Exactly the lines below from the line with "Byxor från Freequent" through the line with "Figuring out how" must make up the answer, both ends included and pictures left out.

**Recorded data:**
|---|

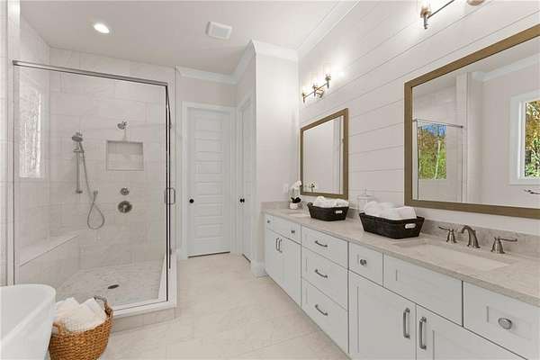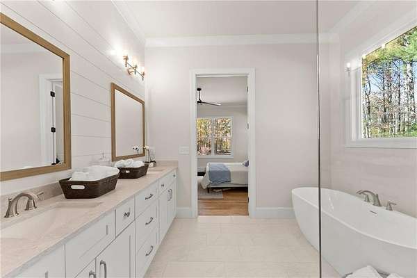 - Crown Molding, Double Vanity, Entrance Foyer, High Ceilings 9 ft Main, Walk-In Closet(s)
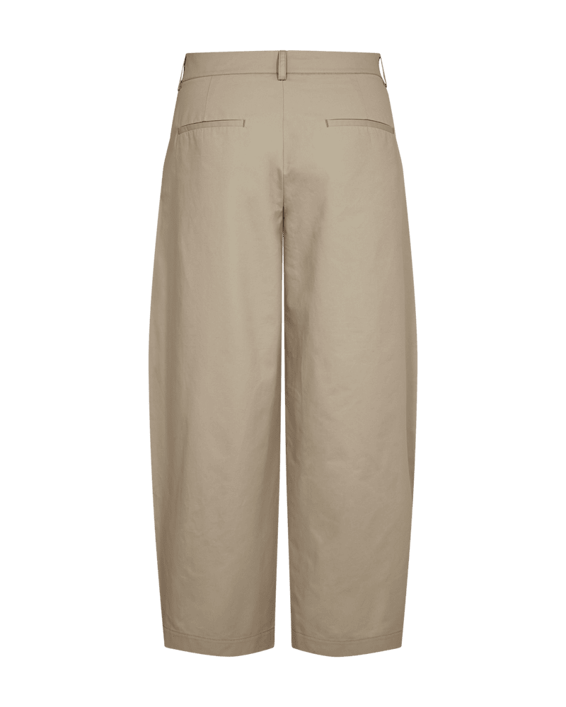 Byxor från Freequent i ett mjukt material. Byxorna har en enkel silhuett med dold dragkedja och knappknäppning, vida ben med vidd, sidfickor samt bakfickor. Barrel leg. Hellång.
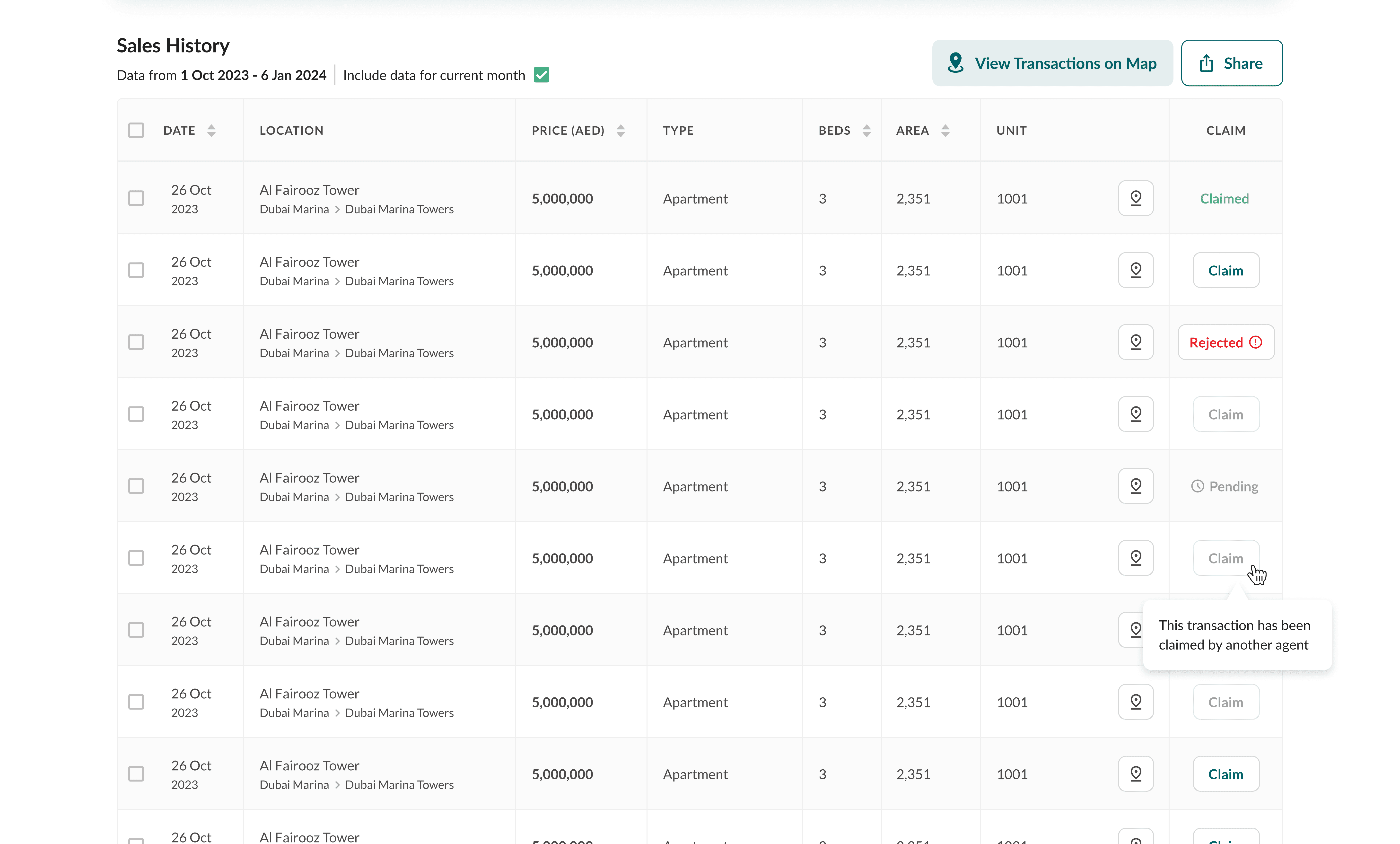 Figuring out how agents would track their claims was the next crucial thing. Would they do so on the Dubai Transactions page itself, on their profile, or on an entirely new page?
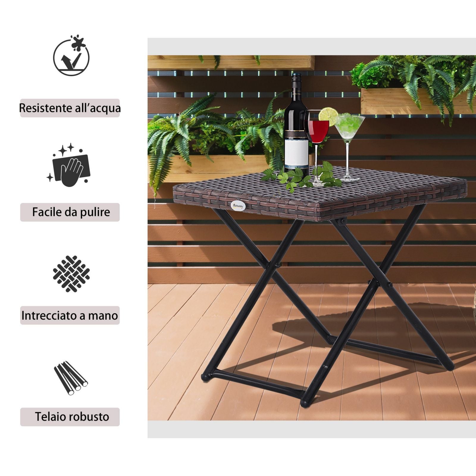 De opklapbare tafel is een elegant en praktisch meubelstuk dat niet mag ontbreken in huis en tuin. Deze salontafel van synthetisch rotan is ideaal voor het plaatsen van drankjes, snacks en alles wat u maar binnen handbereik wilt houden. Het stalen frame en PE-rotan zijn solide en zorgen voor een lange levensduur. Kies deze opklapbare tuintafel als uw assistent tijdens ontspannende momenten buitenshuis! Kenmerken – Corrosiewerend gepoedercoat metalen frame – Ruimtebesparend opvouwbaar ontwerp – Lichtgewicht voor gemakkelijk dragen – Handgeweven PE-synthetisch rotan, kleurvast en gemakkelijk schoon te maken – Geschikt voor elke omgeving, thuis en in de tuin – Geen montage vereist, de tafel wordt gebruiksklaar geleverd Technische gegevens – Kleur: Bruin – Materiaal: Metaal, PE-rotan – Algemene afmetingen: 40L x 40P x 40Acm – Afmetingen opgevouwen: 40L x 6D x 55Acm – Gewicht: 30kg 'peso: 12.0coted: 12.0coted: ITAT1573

|---|

**Exercise answer:**
 Byxor från Freequent i ett mjukt material. Byxorna har en enkel silhuett med dold dragkedja och knappknäppning, vida ben med vidd, sidfickor samt bakfickor. Barrel leg. Hellång.
 Figuring out how agents would track their claims was the next crucial thing. Would they do so on the Dubai Transactions page itself, on their profile, or on an entirely new page?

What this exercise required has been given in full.